События тюремно-лагерной одиссеи Анатолия Жигулина и других заключенных были в СССР еще в разгаре, когда в русском зарубежье стали появляться художественные произведения, связанные с темой репрессий. Так, в США в издательстве имени Чехова в 1952 г. выходит сборник рассказов из жизни ГУЛАГа – «Тайга» Сергея Максимова.
Как и большинство писателей-эмигрантов второй волны, не желавших повредить оставшимся на родине, Сергей Сергеевич Пасхин (до установления подлинной фамилии в литературе фигурировали ошибочные варианты: Паншин, Паршин, Пашин)16 подписывается псевдонимом – Максимов, – который он взял в период организации журнала «Грани» (Мен-хегоф, 1946 г.), будучи одним из его авторов и соредакторов. «Лагерную прозу» Максимов создает уже в конце войны. «Тираж готового сборника рассказов о сталинских лагерях “Алый снег” погиб при бомбежке в 1944 г. в Германии»17. Публикация очерка «История с “Потопом”» (о постановке в лагерном театре) вызывает к 1949 г. отклики эмигрантов, которые еще в России знавали героев очерка – товарищей Максимова по лагерным несчастьям.
Как позднее будет и с Солженицыным, напечатавшим рассказ про «одного зека», отклики укрепляют писателя в его желании «собрать воедино все, что он перенес, рассказать о тех, кого встретил за пять лет лагерного срока. Так, судя по всему, и возник замысел “Одиссеи арестанта”»18. В предисловии к этой книге, сохранившейся в рукописи, Максимов писал: «Цель моей книги – показать, как спланированная Сталиным система террора воплощалась в жизнь. Стараясь быть максимально объективным, я <...> просто рассказываю о том, что я видел и что пережил в советском концлагере за пять лет»19. Это декларация художника-свидетеля.

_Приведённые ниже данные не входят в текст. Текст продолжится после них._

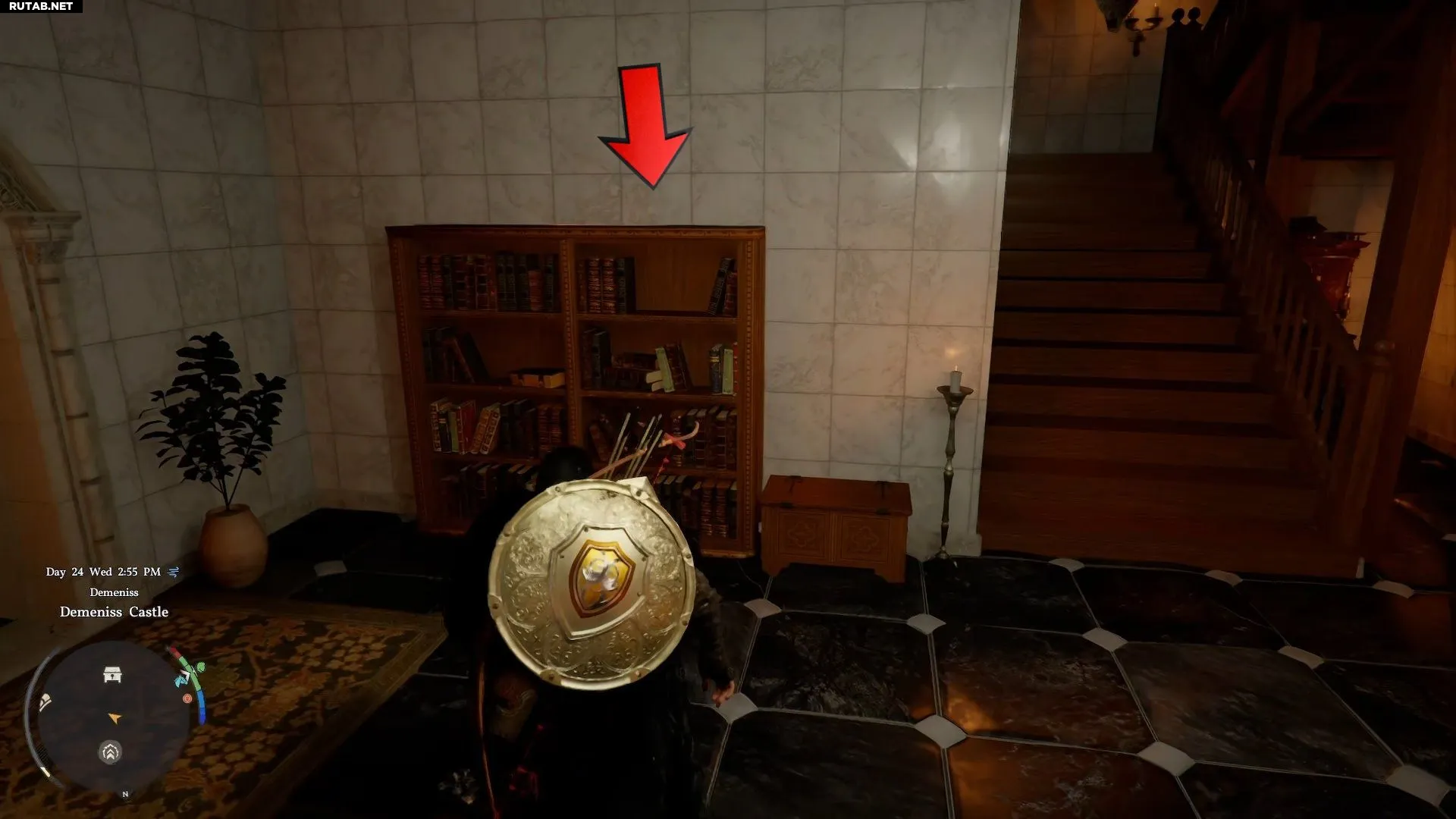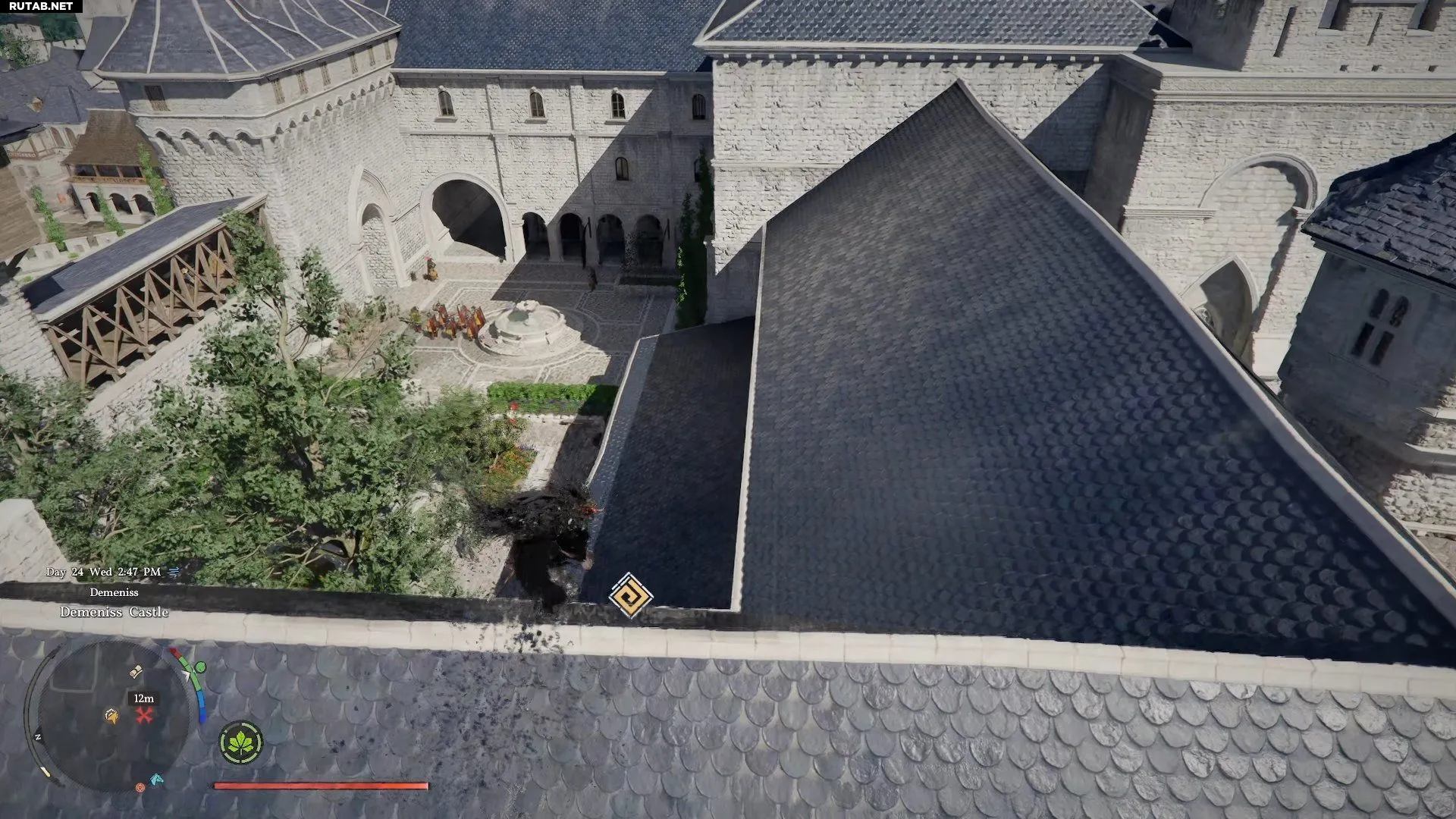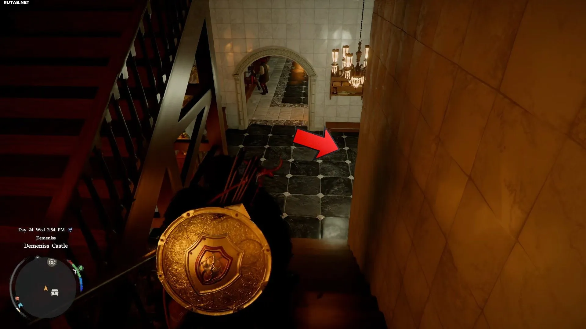 - Поднимитесь на стену замка с западной стороны, чтобы попасть на зубчатые стены.

После переговоров в издательстве Максимов переделал «Одиссею арестанта» в сборник рассказов, значительно меньшего объема20. Отказ от масштабного замысла и поэтика ‘дробности’, по-видимому, носили вынужденный характер для С. Максимова, автора эпического полотна «Денис Бушуев» (1949), уже признанного читателем21.
«Тайга» 22 (далее текст приводится по указанному изданию) сопоставима с малой прозой В. Шаламова. Так, в рассказе С. Максимова «На этапе» описана карточная игра, которую уголовники ведут на имущество сока-
мерников во время этапа, в трюме баржи. Уголовнику Сеньке не везет. Он проигрывает свои брюки – и ставит «новый пинжак» (42), надетый на белобородом старике из соседнего – не воровского – отсека. Пиджак проигран: «Вот чичас потеха будет!» (42)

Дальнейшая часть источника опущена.